[Items from a dataset]
· · · ·
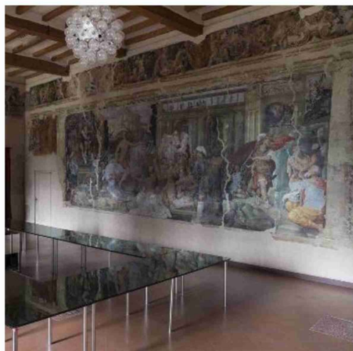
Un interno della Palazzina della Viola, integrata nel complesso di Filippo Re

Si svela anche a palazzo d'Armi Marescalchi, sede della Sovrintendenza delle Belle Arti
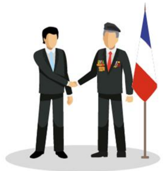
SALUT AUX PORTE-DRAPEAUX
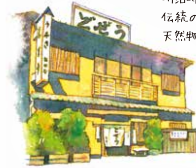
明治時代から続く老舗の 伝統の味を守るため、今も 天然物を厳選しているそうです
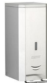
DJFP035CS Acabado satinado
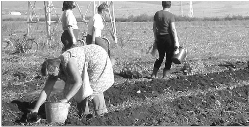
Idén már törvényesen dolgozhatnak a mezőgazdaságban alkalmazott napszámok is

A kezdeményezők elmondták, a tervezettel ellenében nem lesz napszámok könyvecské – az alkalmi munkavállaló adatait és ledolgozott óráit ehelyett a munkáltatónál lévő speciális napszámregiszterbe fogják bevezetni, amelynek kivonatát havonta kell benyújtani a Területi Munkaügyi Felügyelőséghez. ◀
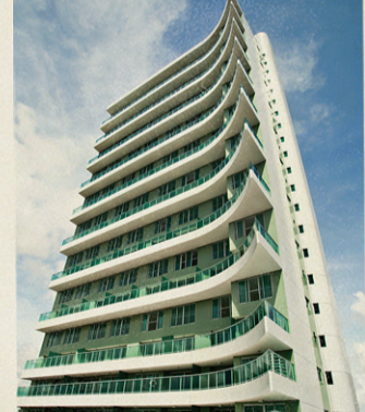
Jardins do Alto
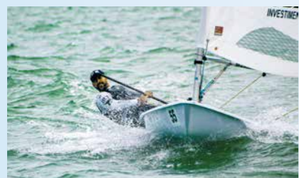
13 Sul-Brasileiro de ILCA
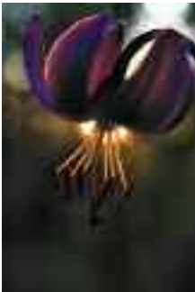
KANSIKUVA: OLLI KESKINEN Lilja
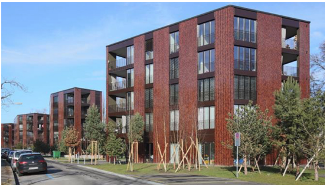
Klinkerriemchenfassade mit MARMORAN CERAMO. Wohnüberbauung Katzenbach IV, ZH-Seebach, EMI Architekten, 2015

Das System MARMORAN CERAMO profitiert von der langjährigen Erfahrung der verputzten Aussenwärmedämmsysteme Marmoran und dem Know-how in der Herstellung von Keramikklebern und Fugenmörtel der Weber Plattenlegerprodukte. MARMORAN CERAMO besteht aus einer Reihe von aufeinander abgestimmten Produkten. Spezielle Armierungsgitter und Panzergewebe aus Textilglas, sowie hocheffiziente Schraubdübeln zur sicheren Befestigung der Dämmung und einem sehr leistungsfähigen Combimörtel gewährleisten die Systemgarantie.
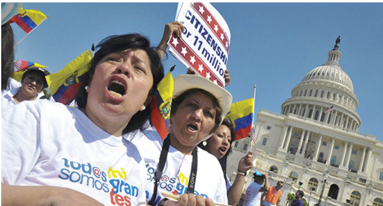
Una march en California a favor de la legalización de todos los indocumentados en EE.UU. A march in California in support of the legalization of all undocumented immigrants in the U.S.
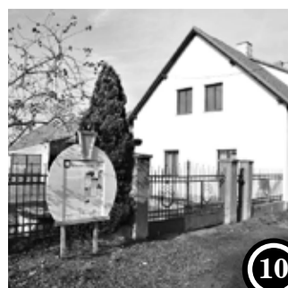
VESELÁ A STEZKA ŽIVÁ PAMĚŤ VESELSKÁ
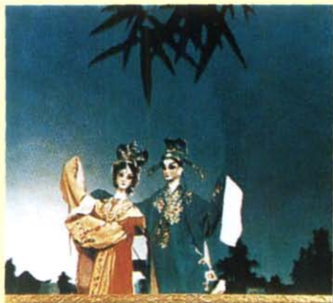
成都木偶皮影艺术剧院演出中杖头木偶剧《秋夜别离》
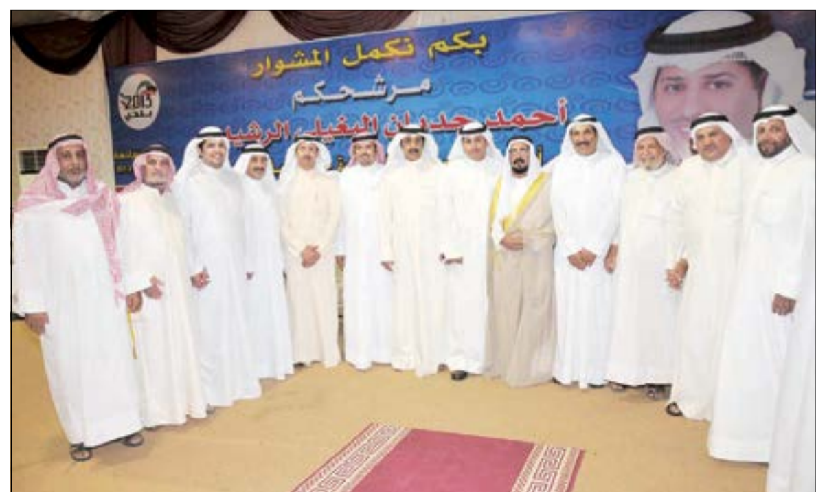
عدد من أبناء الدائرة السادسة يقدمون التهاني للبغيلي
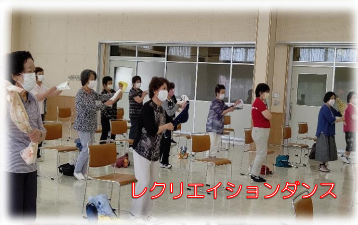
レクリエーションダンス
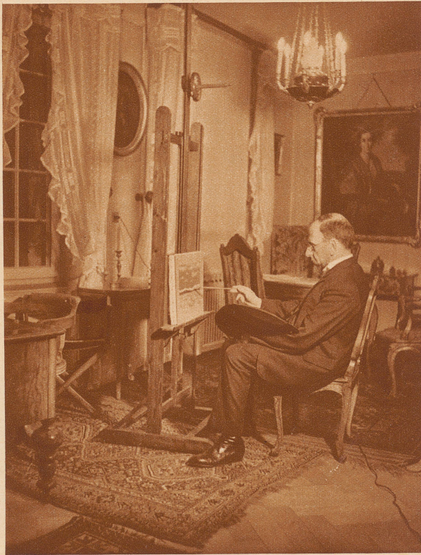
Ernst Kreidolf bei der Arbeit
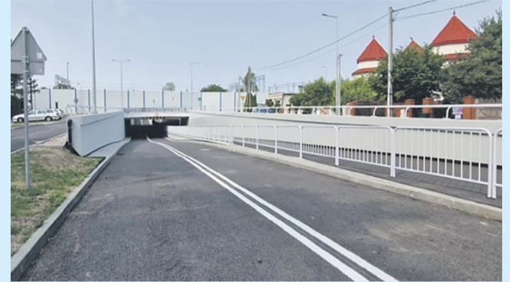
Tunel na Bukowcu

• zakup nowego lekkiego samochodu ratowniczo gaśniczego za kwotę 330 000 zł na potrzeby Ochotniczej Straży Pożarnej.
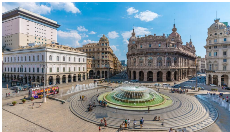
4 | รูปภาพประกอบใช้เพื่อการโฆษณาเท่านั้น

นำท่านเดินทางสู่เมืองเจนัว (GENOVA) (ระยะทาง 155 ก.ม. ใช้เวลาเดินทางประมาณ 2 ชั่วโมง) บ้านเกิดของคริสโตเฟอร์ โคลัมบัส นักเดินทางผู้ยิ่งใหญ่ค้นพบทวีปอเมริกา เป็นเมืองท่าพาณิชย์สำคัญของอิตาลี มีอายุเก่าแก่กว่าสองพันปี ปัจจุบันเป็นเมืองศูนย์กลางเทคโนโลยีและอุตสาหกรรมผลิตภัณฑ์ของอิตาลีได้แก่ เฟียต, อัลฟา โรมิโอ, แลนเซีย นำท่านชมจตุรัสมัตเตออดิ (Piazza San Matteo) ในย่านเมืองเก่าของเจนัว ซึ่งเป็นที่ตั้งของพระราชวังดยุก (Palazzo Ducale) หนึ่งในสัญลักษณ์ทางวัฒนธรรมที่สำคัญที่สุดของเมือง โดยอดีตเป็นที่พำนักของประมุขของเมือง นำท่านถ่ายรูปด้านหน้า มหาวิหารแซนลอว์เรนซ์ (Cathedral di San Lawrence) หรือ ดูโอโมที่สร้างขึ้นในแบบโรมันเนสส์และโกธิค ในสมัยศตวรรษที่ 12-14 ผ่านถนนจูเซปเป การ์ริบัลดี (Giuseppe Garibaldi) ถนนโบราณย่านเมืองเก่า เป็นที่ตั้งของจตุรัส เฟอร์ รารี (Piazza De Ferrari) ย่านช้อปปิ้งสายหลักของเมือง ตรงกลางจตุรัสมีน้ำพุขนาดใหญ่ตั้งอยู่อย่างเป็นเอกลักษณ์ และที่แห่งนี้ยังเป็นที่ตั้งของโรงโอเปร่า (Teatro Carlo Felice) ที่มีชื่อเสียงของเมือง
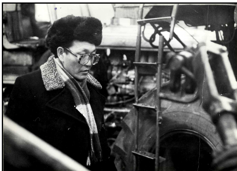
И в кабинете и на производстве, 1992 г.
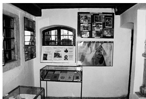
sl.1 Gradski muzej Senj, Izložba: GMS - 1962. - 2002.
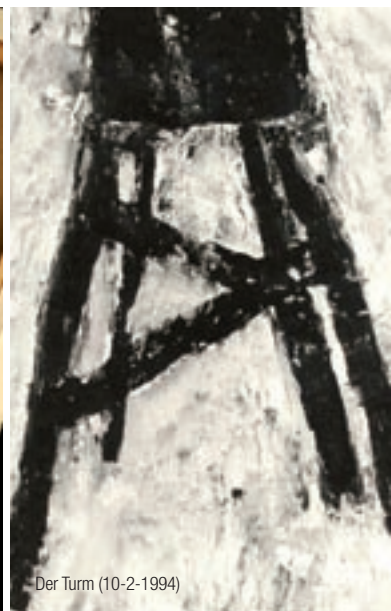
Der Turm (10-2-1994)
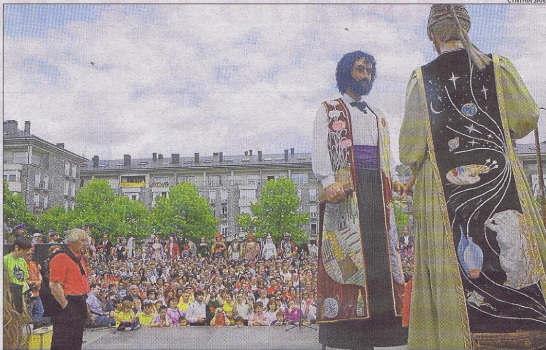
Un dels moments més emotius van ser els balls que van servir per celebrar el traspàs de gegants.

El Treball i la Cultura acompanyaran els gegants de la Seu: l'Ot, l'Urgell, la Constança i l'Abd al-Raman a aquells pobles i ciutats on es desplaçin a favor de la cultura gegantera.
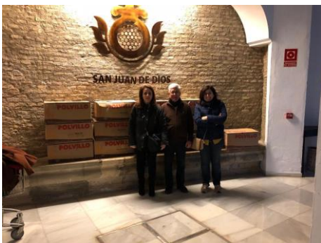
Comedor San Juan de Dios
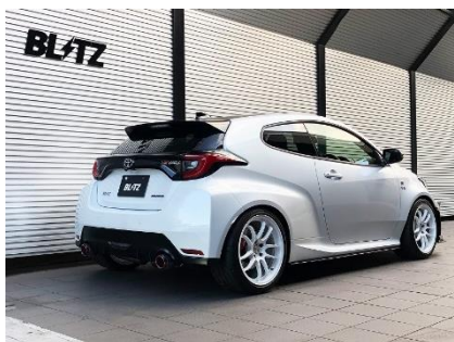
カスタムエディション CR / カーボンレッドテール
· · · ·
> EXERCISE DESCRIPTION
Search the entries above for the word "favor", and copy every line where it occurs.

> SOLUTION
Una march en California a favor de la legalización de todos los indocumentados en EE.UU. A march in California in support of the legalization of all undocumented immigrants in the U.S.
El Treball i la Cultura acompanyaran els gegants de la Seu: l'Ot, l'Urgell, la Constança i l'Abd al-Raman a aquells pobles i ciutats on es desplaçin a favor de la cultura gegantera.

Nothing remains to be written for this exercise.